Black-Box Differentially Private Nonparametric Confidence Intervals Under Minimal Assumptions
Tomer Shoham, Moshe Shenfeld, Noa Velner-Harris, Katrina Ligett
TL;DR
This work tackles constructing differentially private nonparametric confidence intervals for arbitrary statistics under minimal distributional assumptions. It introduces PrivSub, a black-box DP framework that repeatedly subsamples data, applies a private estimator, and post-processes the resulting empirical CDF to form a DP $(1-\alpha)$-CI, with privacy amplification driven by subsampling. The authors prove $(\varepsilon,\delta)$-DP guarantees, $\tau_n$-consistency of the private estimators, and asymptotic validity and tightness of the resulting CIs, along with a consistent private CDF of the statistic.

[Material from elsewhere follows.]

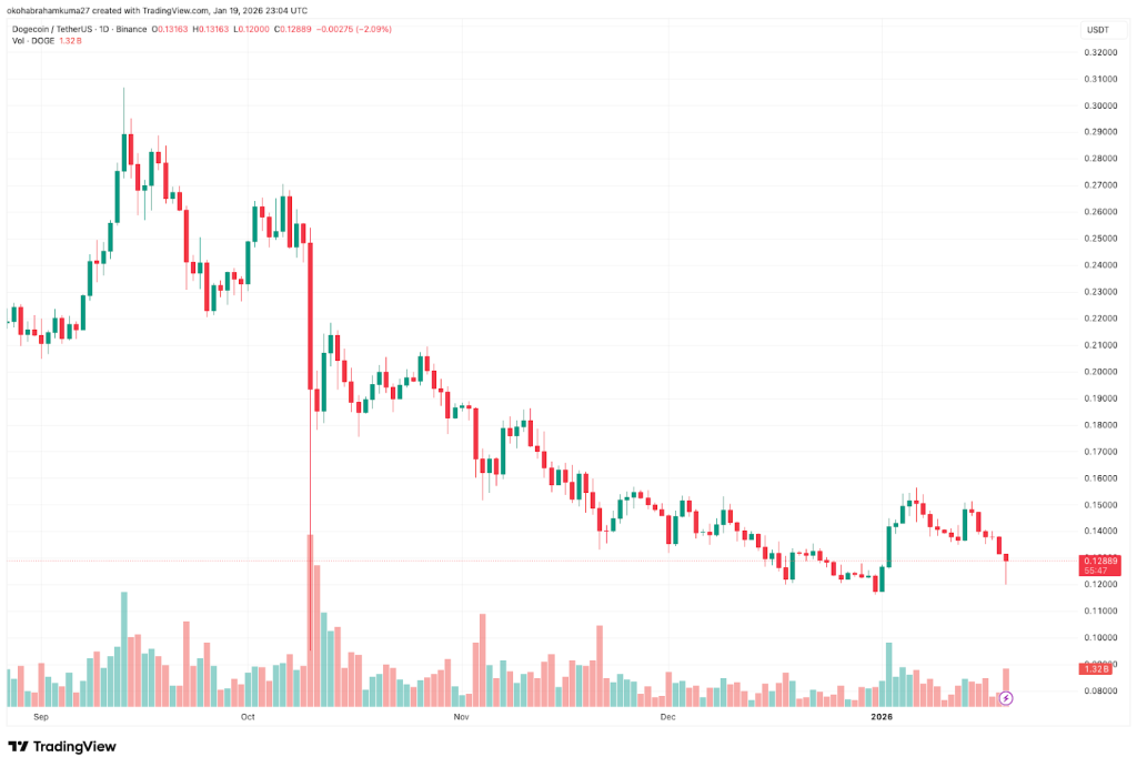 A previsão do preço do Dogecoin mantém-se mista, com alta atividade e baixo desempenho de preço. O volume de negociação do Dogecoin aumentou 220% nas últimas 24 horas, chegando a quase $2 bilhão em 19 de janeiro, indicando um aumento massivo na atividade do mercado.

Empirical results show PrivSub is competitive with state-of-the-art methods, offering a general, end-to-end DP approach for uncertainty quantification that scales beyond parametric settings and supports multi-level inference through the full CDF estimate.
Abstract
We introduce a simple, general framework that takes any differentially private estimator of any arbitrary quantity as a black box, and from it constructs a differentially private nonparametric confidence interval of that quantity. Our approach repeatedly subsamples the data, applies the private estimator to each subsample, and then post-processes the resulting empirical CDF to a confidence interval. Our analysis uses the randomness from the subsampling to achieve privacy amplification. Under mild assumptions, the empirical CDF we obtain approaches the CDF of the private statistic as the sample size grows. We use this to show that the confidence intervals we estimate are asymptotically valid, tight, and equivalent to their non-private counterparts. We provide empirical evidence that our method performs well compared with the (less-general) state-of-the-art algorithms.